_WHAT IS NEEDED_. Among the entries below, which lines run from the line with "- Ruffled glittery" through the line with "Los primeros 20"? Retype those, both ends included, exactly and without pictures.

--- SOURCE INFORMATION Enclosed Below ---

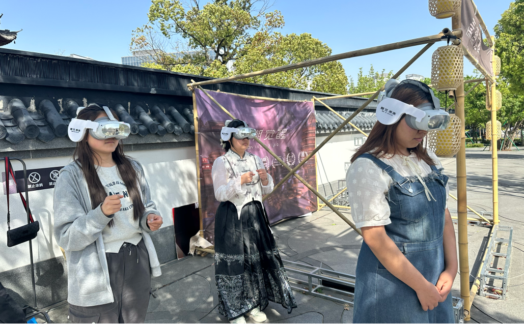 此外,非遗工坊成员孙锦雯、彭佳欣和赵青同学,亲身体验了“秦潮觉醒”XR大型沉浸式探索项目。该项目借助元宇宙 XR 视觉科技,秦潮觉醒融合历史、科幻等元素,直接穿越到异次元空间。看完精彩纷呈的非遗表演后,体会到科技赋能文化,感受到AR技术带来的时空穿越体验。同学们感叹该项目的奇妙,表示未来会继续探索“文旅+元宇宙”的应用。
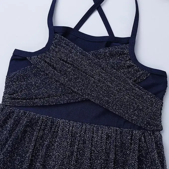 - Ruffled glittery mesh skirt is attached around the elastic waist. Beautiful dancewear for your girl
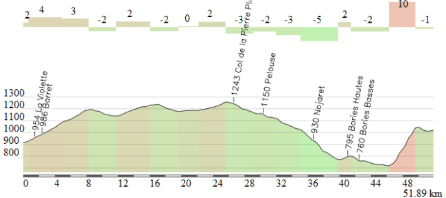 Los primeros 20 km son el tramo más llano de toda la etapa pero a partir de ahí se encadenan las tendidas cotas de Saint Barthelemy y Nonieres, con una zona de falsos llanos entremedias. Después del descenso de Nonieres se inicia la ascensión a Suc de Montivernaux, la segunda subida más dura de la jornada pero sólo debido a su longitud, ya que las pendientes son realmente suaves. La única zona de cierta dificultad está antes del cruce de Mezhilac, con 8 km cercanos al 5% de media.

--- End of Enclosed SOURCE INFORMATION ---
--- SOURCE INFORMATION Enclosed Below ---

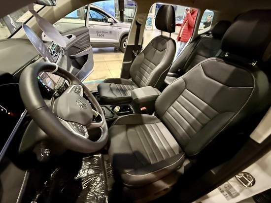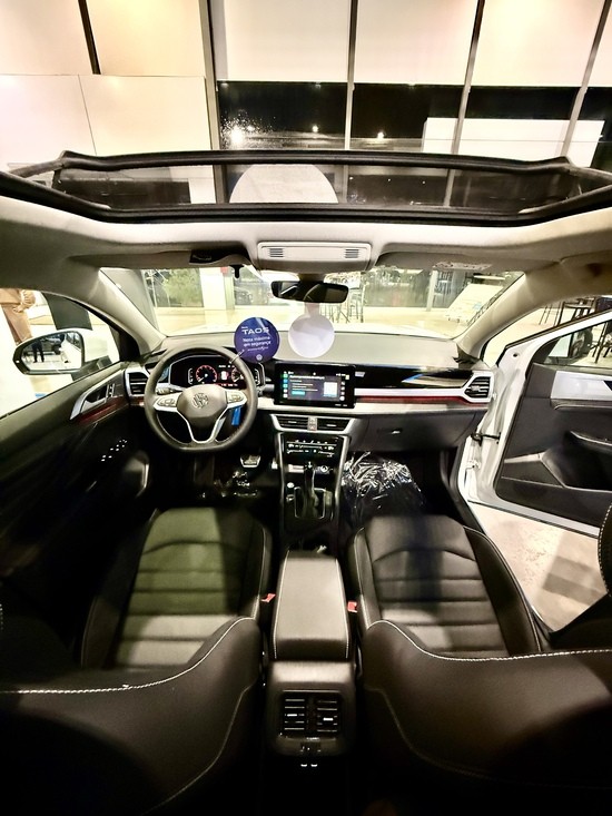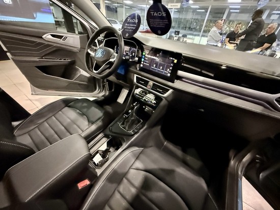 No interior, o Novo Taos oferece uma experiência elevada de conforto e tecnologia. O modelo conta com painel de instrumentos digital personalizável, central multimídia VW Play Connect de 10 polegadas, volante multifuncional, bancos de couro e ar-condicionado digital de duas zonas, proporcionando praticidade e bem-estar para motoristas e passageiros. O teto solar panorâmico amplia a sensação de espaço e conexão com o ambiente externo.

--- End of Enclosed SOURCE INFORMATION ---
--- SOURCE INFORMATION Enclosed Below ---

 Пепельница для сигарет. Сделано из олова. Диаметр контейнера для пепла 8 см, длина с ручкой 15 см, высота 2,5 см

--- End of Enclosed SOURCE INFORMATION ---

_SOLUTION TO THIS TASK_.
 - Ruffled glittery mesh skirt is attached around the elastic waist. Beautiful dancewear for your girl
 Los primeros 20 km son el tramo más llano de toda la etapa pero a partir de ahí se encadenan las tendidas cotas de Saint Barthelemy y Nonieres, con una zona de falsos llanos entremedias. Después del descenso de Nonieres se inicia la ascensión a Suc de Montivernaux, la segunda subida más dura de la jornada pero sólo debido a su longitud, ya que las pendientes son realmente suaves. La única zona de cierta dificultad está antes del cruce de Mezhilac, con 8 km cercanos al 5% de media.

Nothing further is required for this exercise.